The copy you give must match the lines from the top of the data through the line containing "Koupelna – sprchový" exactly, and it must hold no pictures.

[[ THE RECORDS, beginning ]]

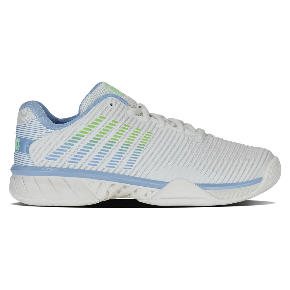 K-Swiss Women's Hypercourt Express 2 Tennis Shoes build on the success of one of the most popular shoes in the sport: The Hypercourt Express. With this update, players will benefit from a lighter overall build, more supportive upper, and new Surgelite midsole technology. The Hypercourt Express 2 maintains the comfortable fit past Hypercourts were known for, and introduces a modern style to keep your feet looking as fresh as they'll feel on the court.
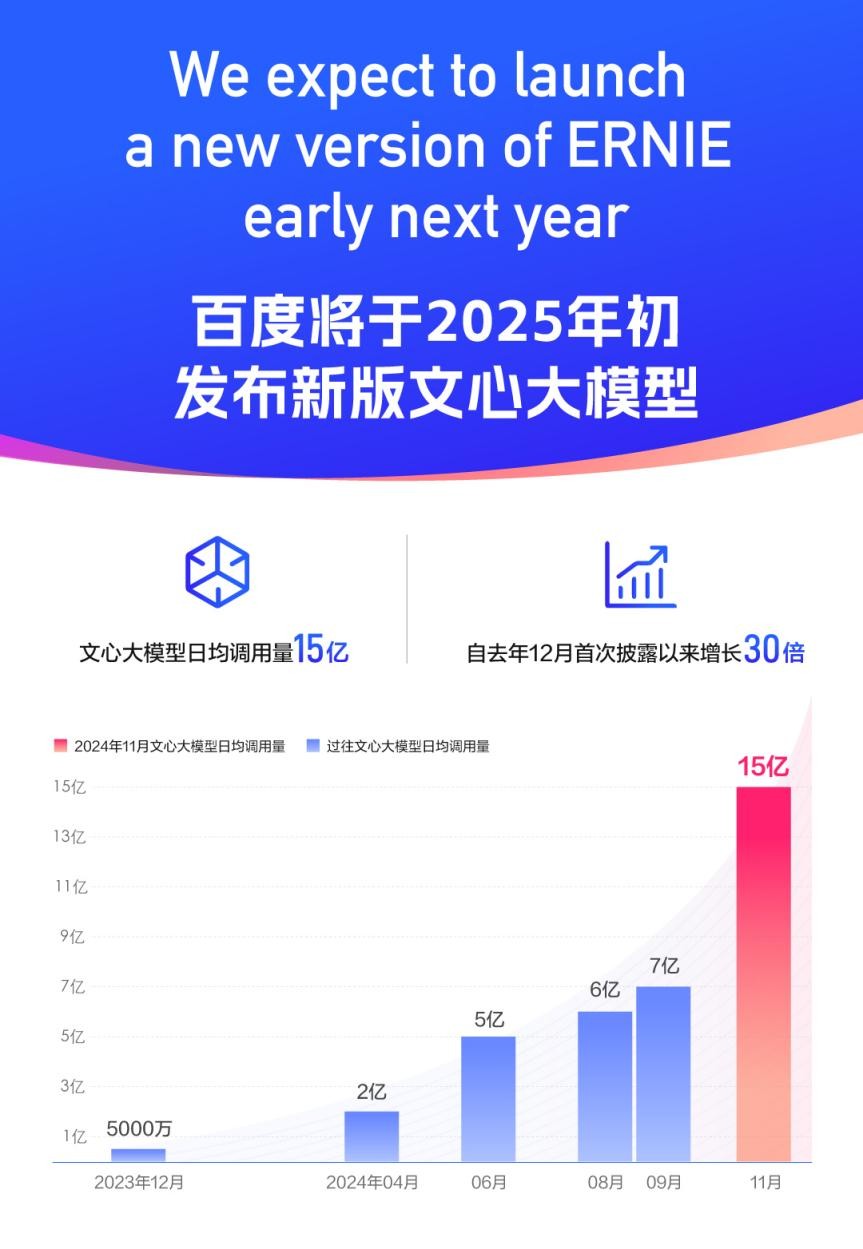 财报电话会上,百度方面表示,将持续迭代文心大模型的能力,优化模型效率。此外李彦宏还透露,百度将于2025年初发布文心大模型的新版本,以巩固在基础模型上的领先优势。
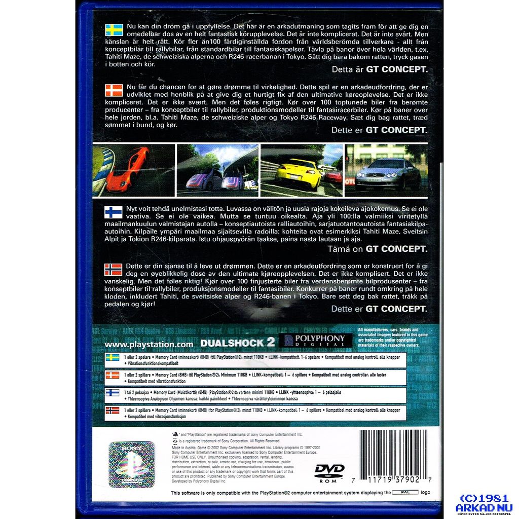 GRAN TURISMO CONCEPT 2002 TOKYO GENEVA PS2 SVENSK UTGÅVA - SCES-50858
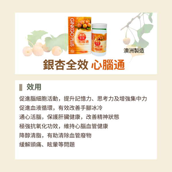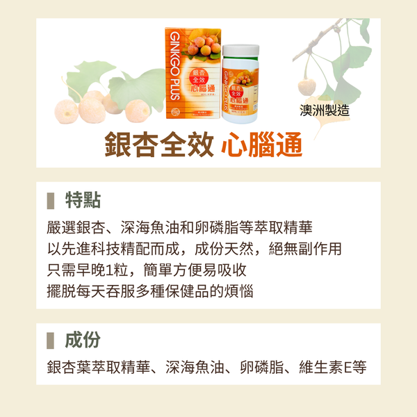 銀杏全效心腦通嚴選銀杏、深海魚油和卵磷脂等萃取精華,以先進科技精配而成,
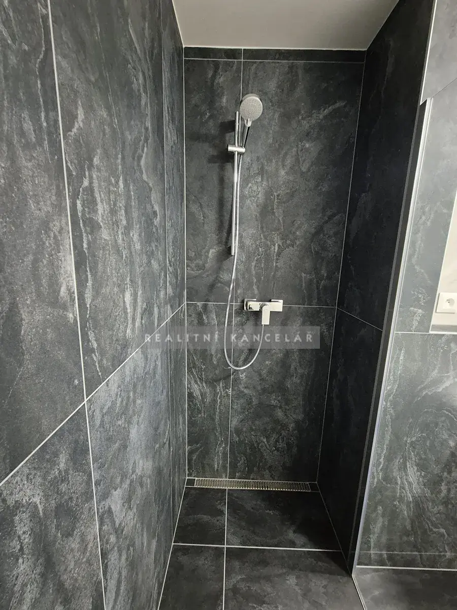 Koupelna – sprchový kout, páková sprchová baterie, umyvadlo s pákovou baterií umyvadlovou, zrcadlo s osvětlením, přípojka na pračku.
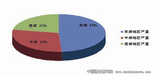 2012年全国饮料酒产量地区占比,东部为49%,中部为29%,西部为22%。

[[ THE RECORDS, end ]]

- **RESULT**
 K-Swiss Women's Hypercourt Express 2 Tennis Shoes build on the success of one of the most popular shoes in the sport: The Hypercourt Express. With this update, players will benefit from a lighter overall build, more supportive upper, and new Surgelite midsole technology. The Hypercourt Express 2 maintains the comfortable fit past Hypercourts were known for, and introduces a modern style to keep your feet looking as fresh as they'll feel on the court.
 财报电话会上,百度方面表示,将持续迭代文心大模型的能力,优化模型效率。此外李彦宏还透露,百度将于2025年初发布文心大模型的新版本,以巩固在基础模型上的领先优势。
 GRAN TURISMO CONCEPT 2002 TOKYO GENEVA PS2 SVENSK UTGÅVA - SCES-50858
 銀杏全效心腦通嚴選銀杏、深海魚油和卵磷脂等萃取精華,以先進科技精配而成,
 Koupelna – sprchový kout, páková sprchová baterie, umyvadlo s pákovou baterií umyvadlovou, zrcadlo s osvětlením, přípojka na pračku.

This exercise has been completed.